▲ | Mlller 5 days ago | |
The article nearly equivocates “Rather Useless” and “unambiguously the worst”. Python3 seems more coherent to me than the article's argument: 1. Python3 plainly distinguishes between a string and a sequence of bytes. The function `len`, as a built-in, gives the most straightforward count: for any set or sequence of items, it counts the number of these items. 2. For a sequence of bytes, it counts the number of bytes. Taking this face-palming half-pale male hodgepodge and encoding it according to UTF-8, we get 17 bytes.

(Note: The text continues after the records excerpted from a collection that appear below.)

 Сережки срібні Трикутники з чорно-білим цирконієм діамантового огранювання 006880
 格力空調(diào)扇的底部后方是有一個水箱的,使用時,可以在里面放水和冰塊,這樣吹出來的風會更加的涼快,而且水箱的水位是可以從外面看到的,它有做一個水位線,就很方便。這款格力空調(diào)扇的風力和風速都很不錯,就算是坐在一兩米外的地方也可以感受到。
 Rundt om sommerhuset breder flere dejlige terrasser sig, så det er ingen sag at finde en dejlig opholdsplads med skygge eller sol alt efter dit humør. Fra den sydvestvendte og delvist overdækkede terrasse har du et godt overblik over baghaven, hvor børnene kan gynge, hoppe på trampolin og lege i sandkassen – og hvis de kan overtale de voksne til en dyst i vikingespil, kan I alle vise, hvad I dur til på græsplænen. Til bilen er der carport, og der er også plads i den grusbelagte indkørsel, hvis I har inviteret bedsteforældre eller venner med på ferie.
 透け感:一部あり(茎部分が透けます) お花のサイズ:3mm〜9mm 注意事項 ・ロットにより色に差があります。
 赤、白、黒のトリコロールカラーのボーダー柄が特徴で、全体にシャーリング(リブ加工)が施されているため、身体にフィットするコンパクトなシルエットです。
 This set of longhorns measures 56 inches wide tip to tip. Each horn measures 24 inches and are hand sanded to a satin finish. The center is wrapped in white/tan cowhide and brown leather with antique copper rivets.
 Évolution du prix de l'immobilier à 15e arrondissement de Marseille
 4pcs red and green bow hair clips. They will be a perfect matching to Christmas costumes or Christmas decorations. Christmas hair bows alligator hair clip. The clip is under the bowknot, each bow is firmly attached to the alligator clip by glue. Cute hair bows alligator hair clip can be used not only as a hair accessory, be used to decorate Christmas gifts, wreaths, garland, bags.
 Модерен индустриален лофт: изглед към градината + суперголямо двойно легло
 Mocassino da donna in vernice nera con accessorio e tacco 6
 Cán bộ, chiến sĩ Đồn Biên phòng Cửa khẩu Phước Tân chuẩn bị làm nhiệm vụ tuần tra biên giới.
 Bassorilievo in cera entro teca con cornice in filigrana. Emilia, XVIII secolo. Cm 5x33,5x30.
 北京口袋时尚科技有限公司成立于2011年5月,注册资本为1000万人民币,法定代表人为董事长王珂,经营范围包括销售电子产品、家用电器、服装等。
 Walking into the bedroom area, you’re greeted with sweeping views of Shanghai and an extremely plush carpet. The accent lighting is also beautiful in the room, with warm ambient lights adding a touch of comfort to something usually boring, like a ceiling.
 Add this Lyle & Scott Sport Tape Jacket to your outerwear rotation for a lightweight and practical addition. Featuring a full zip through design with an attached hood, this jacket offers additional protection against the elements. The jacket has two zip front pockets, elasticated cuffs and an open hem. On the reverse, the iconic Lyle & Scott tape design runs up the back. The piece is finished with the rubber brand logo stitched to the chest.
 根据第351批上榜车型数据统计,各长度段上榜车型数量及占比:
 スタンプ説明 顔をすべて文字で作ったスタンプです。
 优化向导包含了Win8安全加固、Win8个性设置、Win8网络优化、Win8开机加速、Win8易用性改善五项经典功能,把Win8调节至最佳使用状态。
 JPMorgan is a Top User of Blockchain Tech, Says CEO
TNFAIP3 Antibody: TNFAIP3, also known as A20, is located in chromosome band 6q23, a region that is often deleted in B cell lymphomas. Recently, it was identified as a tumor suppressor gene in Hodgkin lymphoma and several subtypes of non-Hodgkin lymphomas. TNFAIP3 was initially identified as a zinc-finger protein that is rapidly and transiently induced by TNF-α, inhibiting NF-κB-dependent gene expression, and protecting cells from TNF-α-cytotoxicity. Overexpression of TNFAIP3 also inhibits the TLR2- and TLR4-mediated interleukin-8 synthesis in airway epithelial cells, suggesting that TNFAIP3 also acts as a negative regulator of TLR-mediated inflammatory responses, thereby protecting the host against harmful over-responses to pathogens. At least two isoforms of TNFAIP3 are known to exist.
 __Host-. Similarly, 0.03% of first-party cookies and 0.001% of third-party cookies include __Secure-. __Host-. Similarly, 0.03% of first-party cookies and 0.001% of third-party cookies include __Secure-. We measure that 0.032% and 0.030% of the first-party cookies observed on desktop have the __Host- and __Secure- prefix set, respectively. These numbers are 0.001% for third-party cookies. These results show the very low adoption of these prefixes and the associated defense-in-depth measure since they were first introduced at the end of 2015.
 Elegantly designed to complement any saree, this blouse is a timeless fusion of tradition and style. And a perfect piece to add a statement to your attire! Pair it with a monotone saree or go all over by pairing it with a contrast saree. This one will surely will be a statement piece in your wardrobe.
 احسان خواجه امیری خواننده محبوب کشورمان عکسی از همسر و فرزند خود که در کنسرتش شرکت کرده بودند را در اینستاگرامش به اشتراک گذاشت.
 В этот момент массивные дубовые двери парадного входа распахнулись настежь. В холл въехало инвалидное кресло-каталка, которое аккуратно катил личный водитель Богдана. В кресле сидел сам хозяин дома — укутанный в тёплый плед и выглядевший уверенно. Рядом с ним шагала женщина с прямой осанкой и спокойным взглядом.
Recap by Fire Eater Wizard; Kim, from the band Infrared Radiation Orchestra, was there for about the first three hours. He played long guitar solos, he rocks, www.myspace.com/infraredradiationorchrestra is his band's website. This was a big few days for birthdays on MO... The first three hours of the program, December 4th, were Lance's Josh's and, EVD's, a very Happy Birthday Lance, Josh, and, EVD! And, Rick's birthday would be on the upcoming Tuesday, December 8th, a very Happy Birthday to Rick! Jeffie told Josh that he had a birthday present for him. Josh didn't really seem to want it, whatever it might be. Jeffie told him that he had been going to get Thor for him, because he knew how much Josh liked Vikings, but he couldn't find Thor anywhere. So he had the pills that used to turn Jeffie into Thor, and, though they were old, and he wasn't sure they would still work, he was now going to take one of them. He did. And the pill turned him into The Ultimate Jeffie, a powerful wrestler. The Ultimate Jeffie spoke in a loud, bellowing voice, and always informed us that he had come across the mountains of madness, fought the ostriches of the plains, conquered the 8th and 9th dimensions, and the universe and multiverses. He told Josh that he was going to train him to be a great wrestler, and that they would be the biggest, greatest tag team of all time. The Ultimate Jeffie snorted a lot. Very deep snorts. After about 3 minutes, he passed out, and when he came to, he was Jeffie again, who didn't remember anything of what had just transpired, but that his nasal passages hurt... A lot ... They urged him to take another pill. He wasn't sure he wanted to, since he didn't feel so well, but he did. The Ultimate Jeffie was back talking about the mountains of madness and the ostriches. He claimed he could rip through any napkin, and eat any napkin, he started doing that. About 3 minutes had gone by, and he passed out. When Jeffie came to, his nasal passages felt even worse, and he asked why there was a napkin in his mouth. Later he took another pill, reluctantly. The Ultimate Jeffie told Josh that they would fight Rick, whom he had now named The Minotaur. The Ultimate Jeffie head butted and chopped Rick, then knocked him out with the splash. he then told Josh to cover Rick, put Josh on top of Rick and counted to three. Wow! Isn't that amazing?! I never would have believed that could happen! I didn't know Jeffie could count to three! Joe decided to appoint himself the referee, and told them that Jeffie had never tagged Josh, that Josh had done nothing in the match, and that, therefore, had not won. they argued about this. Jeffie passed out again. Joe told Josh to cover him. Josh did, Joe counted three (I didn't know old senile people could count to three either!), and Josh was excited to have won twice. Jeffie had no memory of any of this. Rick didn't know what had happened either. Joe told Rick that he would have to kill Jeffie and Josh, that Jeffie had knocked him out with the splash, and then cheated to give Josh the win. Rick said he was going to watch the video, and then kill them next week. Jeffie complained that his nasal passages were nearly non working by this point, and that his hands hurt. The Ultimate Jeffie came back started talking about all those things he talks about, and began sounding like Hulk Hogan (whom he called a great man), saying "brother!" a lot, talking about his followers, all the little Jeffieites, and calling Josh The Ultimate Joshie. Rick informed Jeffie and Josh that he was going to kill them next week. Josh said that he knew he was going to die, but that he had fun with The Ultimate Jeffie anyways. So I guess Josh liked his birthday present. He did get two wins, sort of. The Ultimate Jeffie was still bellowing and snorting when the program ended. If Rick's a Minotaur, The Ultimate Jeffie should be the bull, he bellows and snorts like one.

Thus `len("\U0001F926\U0001F3FC\u200D\u2642\uFE0F".encode(encoding = "utf-8")) == 17`. 3. After bytes, the most basic entities are Unicode code points. A Python3 string is a sequence of Unicode code points. So for a Python3 string, `len` should give the number of Unicode code points. Thus `len("\U0001F926\U0001F3FC\u200D\u2642\uFE0F") == 5`. Anything more is and should be beyond the purview of the simple built-in `len`: 4. Grapheme clusters are complicated and nearly as arbitrary as code points, hence there are “legacy grapheme clusters” – the grapheme clusters of older Unicode versions, because they changed – and “tailored grapheme clusters”, which may be needed “for specific locales and other customizations”, and of course the default “extended grapheme clusters”, which are only “a best-effort approximation” to “what a typical user might think of as a “character”.” Cf. https://www.unicode.org/reports/tr29 Of course, there are very few use cases for knowing the number of code points, but are there really much more for the number (NB: the number) of grapheme clusters? Anyway, the great module https://pypi.org/project/regex/ supports “Matching a single grapheme \X”. So:
5. The space a sequence of code points will occupy on the screen: certainly useful but at least dependent on the typeface that will be used for rendering and hence certainly beyond the purview of a simple function. |